Students will gain hands-on experience with Apache Kafka and other modern data engineering tools. We focus on blending foundational knowledge with hands-on skills, often using real-world examples to anchor theoretical concepts. The primary programming language for the course is Python.
- Semester: Fall 2023
- Graduate Course in Data Engineering Track
- Course Notes: https://pandaisfast.github.io/msds682-fall2023-data-streaming/
- Canvas: https://usfca.instructure.com/courses/1617043
- Additional Materials: From time to time, I'll be publishing supplementary resources and materials on Canvas. Please check periodically to ensure you have all the required content.
- Homework Submission: Please submit all your homework assignments through Canvas. This ensures there's a central location for submission, and it's easier to keep track.
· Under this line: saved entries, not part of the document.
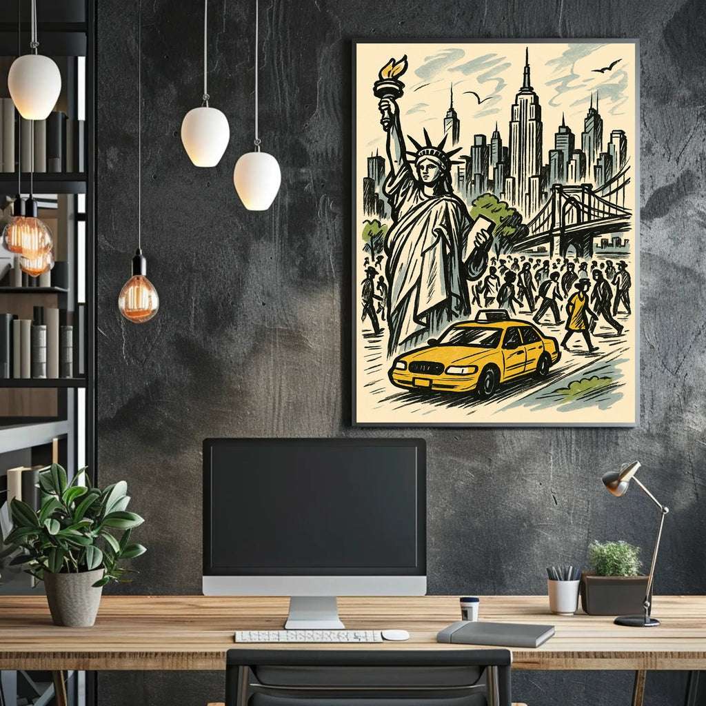 - Timeless urban charm — Features the Statue of Liberty and bustling streets to evoke wanderlust and urban pride.
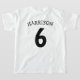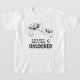 These cool gamer tshirts featuring two gaming control pads over a white background, with playful text that reads "LEVEL 6 UNLOCKED" and "THEIR NAME AND AGE". All font styles and colours can be changed by clicking on the customise further link after personalising.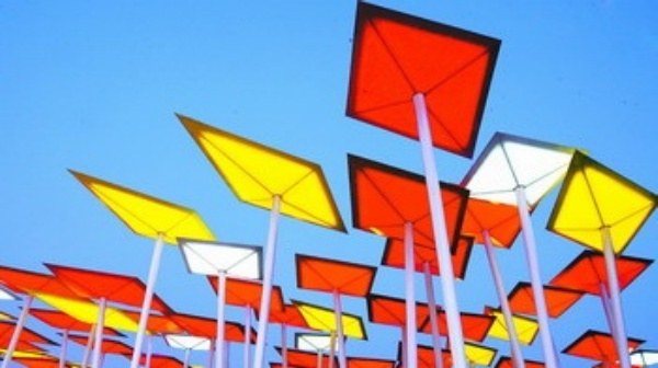 这是4月28日拍摄的墨西哥馆夜色中的“风筝林”。当日,墨西哥国家馆开启景观灯,124只“风筝”组成的“风筝林”蔚为壮观。 新华社记者 裴 鑫摄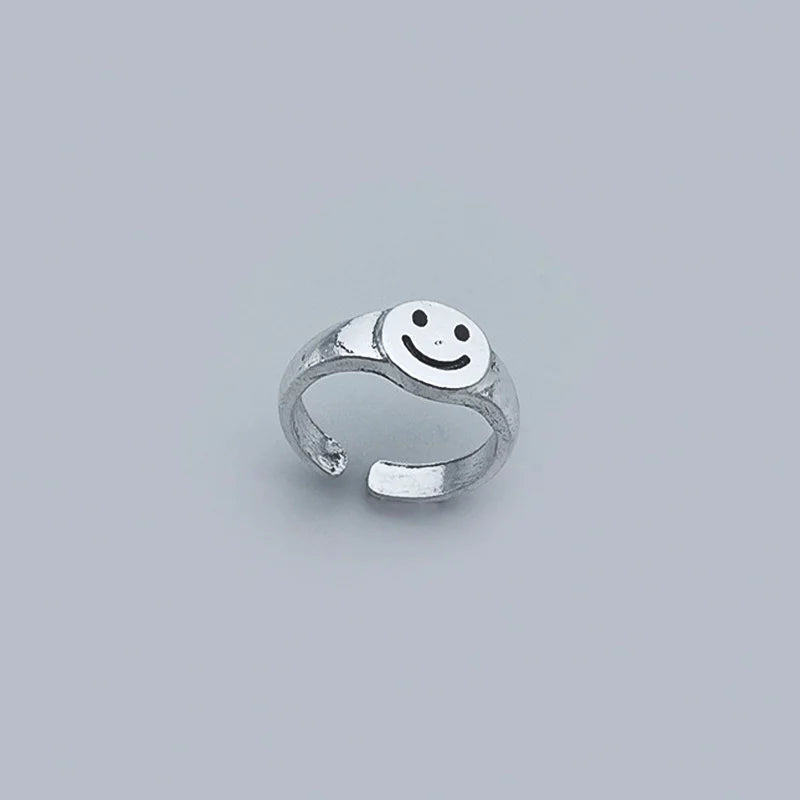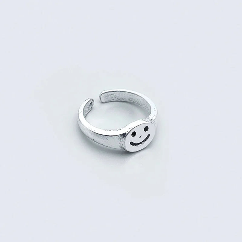 Retro Smile Face Ring For Men Women Silver Color Punk Gothic Rock Hiphop Open Ring Handmade Designer Jewelry Unisex Accessories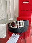 Salvatore Ferragamo 3.5cm leather, top-grain cowhide, black and brown, double-sided, exquisite 8-shaped fortune hardware buckle, original matching. J00130120
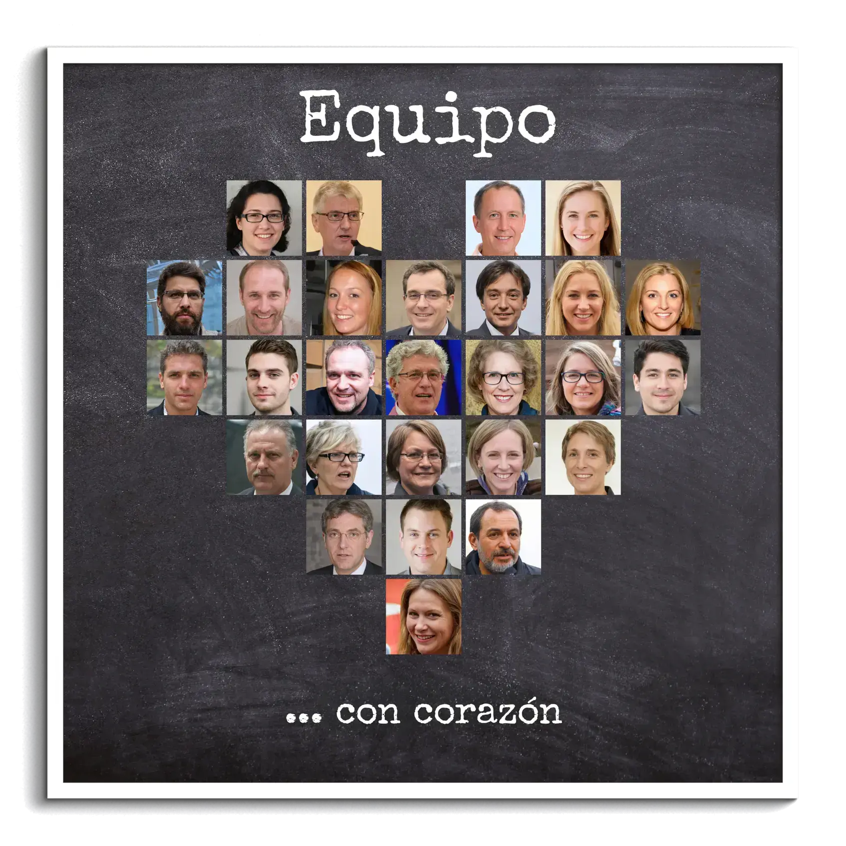 ¿Buscas un regalo especial y personalizado para un colega que se va? Crea una fotocollage en forma de corazón, perfecta como despedida. Personaliza las fotos del equipo con el mensaje "Team mit Herz" para dar ese toque único a tu obsequio. Cada foto de igual tamaño se acomoda ordenadamente, y puedes ajustar texto, colores de fondo y diseño a tu antojo.
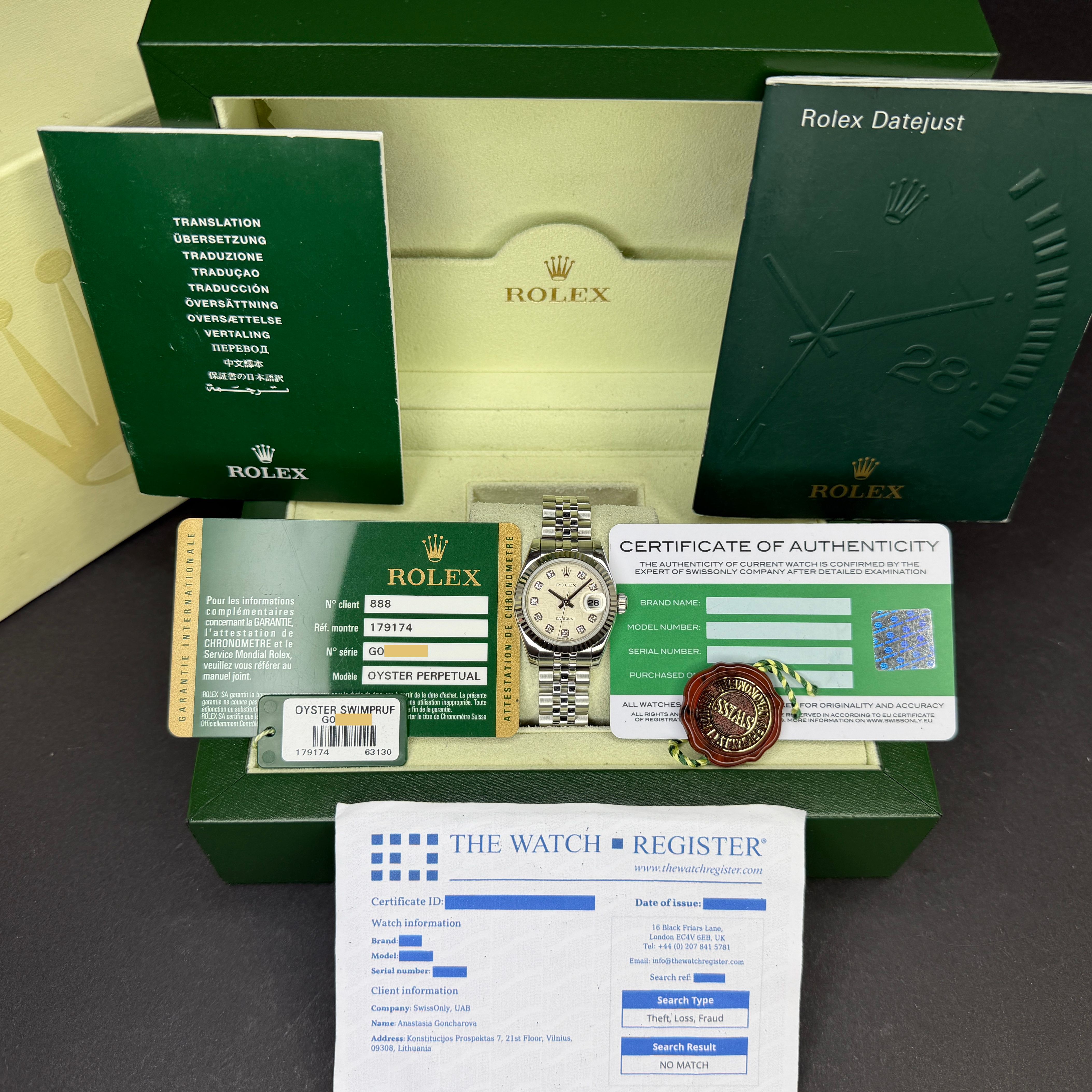 Rolex Lady Datejust, 179174, 26mm, 2010, Steel, Silver Jubilee Diamond dial, Fullset, 1y warranty

- Piazza: Q/A & discussing lectures and assignments. https://piazza.com/usfca/fall2023/msds682
Instructor Inforomation
- Jeremy W. Gu
- wgu9@usfca.edu
Office Hours
- 8:45-9:30am on Wed
- Office Location: Virtual Zoom
Prerequisite Details
To ensure your success in this course, the following knowledge prerequisites are essential:
- Statistics: Grasp of concepts like mean, variance, data visualization, tabular data, and pandas. Relevant courses include MSDS 504 - Review Probability and Stats and MSDS 593 - EDA and Visualization.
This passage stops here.